TRAI question 01: Is there a need to revise the date for IUC termination?
Sources tell CNBC TV18 that the incumbent telecom players have sought between 12- 24 months' time for implementation of IUC termination. "Telecom players need a minimum of one years’ time of retaining the benefit of the IUC charge to sustain themselves. However, all operators agree that a fixed time frame is needed to create regulatory certainty and enable better planning. The TRAI can then look at a periodic review to determine the balance in network traffic and take a decision;" said another source who did not wish to be named
TRAI question 02: What parameters should be adopted to decide alternate date?
To this point, telecom operators have raised the importance of IUC when there is asymmetric traffic. Sources tell CNBC TV18 that the operators have said that it will take at least 1 year time for an imbalance in inter-operator off-net traffic to even out. "We need at least 1 year for sustainable adoption of more efficient technology and need the ability to seamlessly adapt to new tech critical for affordable tariff & quality services which will in the long run benefit customers," said an executive from one of the telecom operators that did not wish to be named.
TRAI question 03: Other suggestions related to domestic wireless termination charges
This point brings out a large debate, one that has even gone to court. Telecom operators explain that in a Calling Party Pays (CPP) regime, IUC can never be zero. "Bill and keep is a bilateral commercial regime. If two operators decide to do bill & keep it must be considered fair if the balance of trade is equal," says the source. "The regulator's job is to determine what the cost is in a CPP regime.

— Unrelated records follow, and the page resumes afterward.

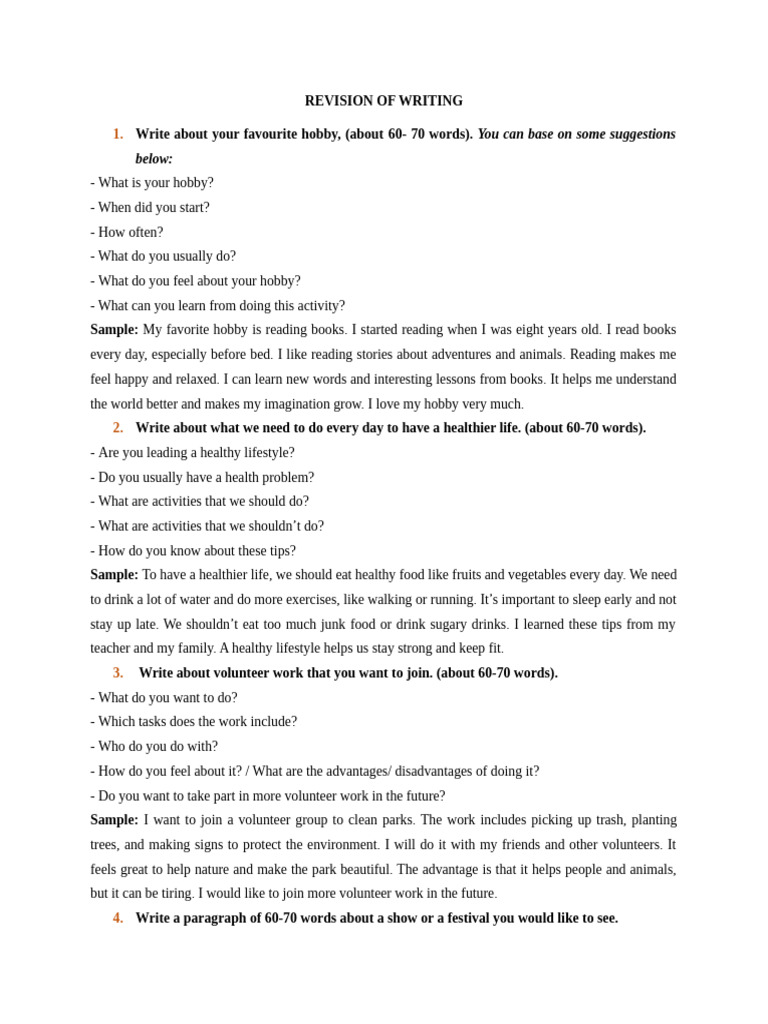 1. Write about your favourite hobby, (about 60- 70 words). You can base on some suggestions
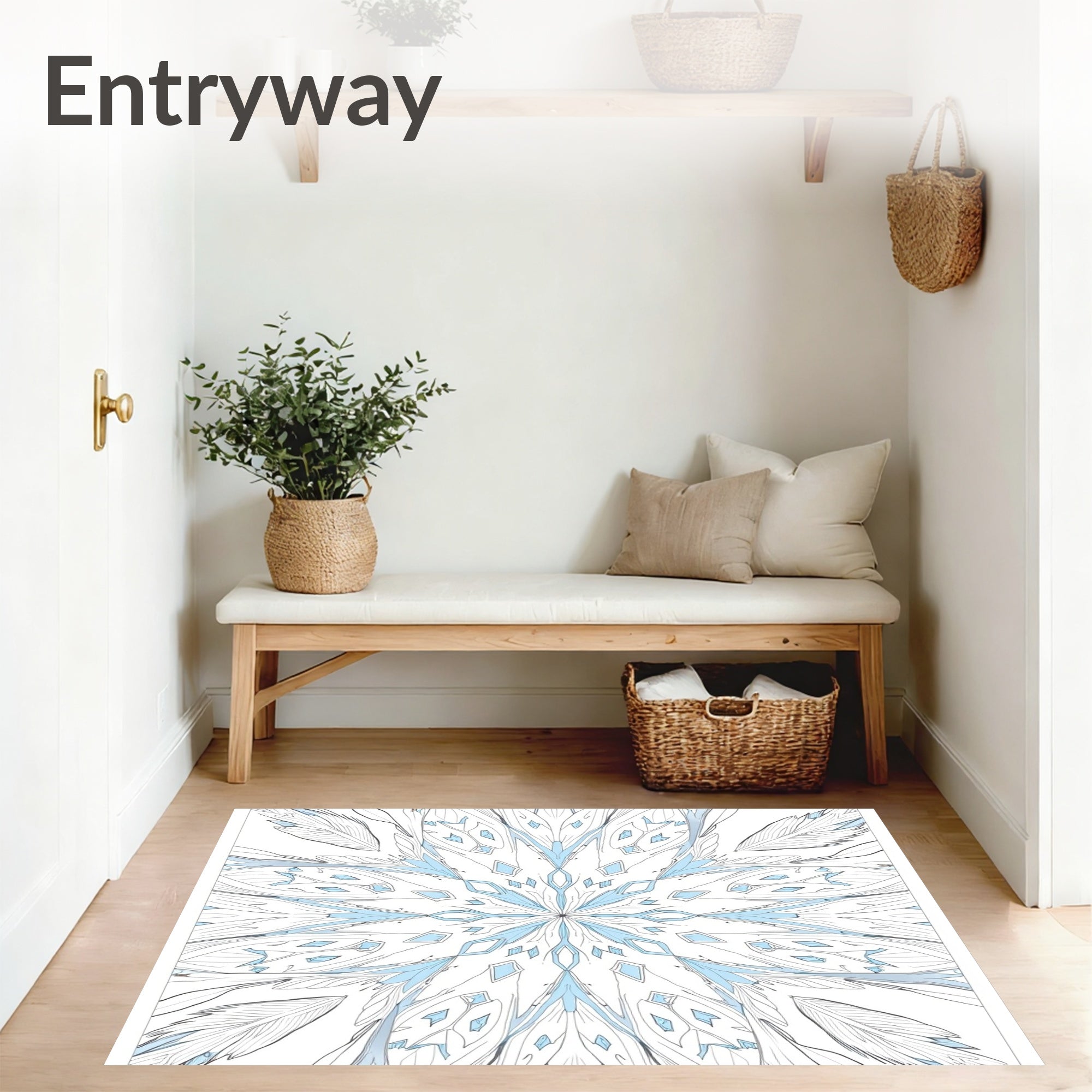 Ultra Soft Area Rug, Non Slip, Stain Resistant, Washable Area Rugs for Living Room, Bedroom, Celestial Ice Crystal Medallion with Radiant Snowburst Design(White) Overview:
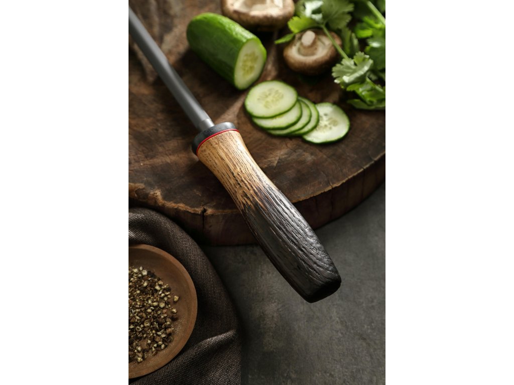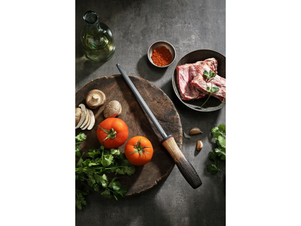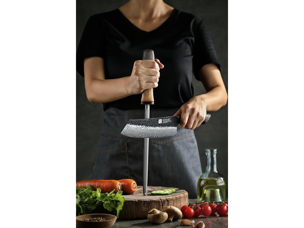 Der XinZuo-Premium-Wetzstahl hohem Kohlenstoffgehalt für ein einfaches und schnelles Messerschärfen. Dank ihm wird das Schärfen hochwertiger Messer aus deutschem oder Damaszener Stahl zum Vergnügen. Der Wetzstahl hat ein elegantes Design, das in die meisten Küchen passt. Dank seinem ergonomischen Griff aus Weiß-Eiche passt er bequem in die Hand.
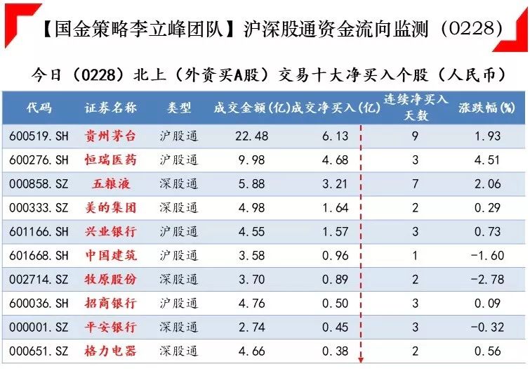 2月28日沪深股通资金流向监测数据显示,贵州茅台获沪股通净买入6.13亿元,是连续第9个交易日净买入。

Bilateral arrangements should be able to determine if operators want to stick to a bill & keep model"
What happens now?
While the comments by Incumbent telecom operators have been submitted today, the counter comments are expected by November 01. Post this there will be debate and open house discussions between the stakeholders and the regulator. "We should expect the final guidelines to be made official either by November end or December beginning. As the initial date of termination of charges was due on January 01, 2020, TRAI would want to complete and announce the final decision by December," adds the source
Disclosure: Reliance Industries, the promoter of Reliance Jio, also controls Network18, the parent company of CNBCTV18.com.